Exercise goal
Restate all the lines below word for word, but omit the pictures.

Data block
______

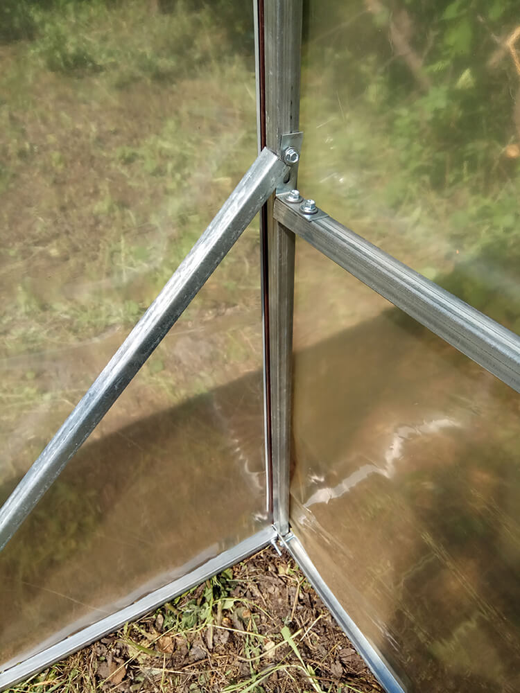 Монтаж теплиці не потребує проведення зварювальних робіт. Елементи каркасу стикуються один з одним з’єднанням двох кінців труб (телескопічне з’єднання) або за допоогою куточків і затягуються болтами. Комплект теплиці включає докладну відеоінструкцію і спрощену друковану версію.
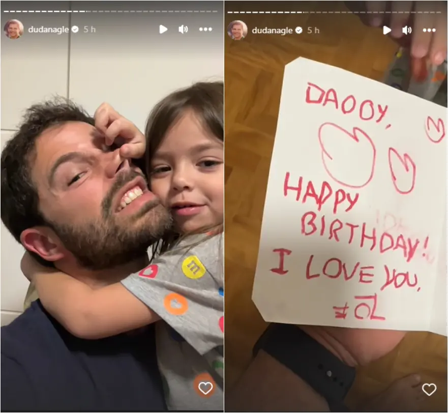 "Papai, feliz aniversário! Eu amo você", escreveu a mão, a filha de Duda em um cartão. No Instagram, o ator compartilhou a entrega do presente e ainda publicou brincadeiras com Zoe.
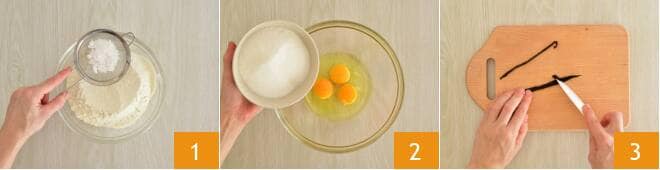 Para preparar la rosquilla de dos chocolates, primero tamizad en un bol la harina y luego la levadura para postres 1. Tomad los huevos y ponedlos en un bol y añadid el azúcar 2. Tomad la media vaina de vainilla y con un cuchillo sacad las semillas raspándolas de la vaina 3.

______

Result of this exercise
 Монтаж теплиці не потребує проведення зварювальних робіт. Елементи каркасу стикуються один з одним з’єднанням двох кінців труб (телескопічне з’єднання) або за допоогою куточків і затягуються болтами. Комплект теплиці включає докладну відеоінструкцію і спрощену друковану версію.
 "Papai, feliz aniversário! Eu amo você", escreveu a mão, a filha de Duda em um cartão. No Instagram, o ator compartilhou a entrega do presente e ainda publicou brincadeiras com Zoe.
 Para preparar la rosquilla de dos chocolates, primero tamizad en un bol la harina y luego la levadura para postres 1. Tomad los huevos y ponedlos en un bol y añadid el azúcar 2. Tomad la media vaina de vainilla y con un cuchillo sacad las semillas raspándolas de la vaina 3.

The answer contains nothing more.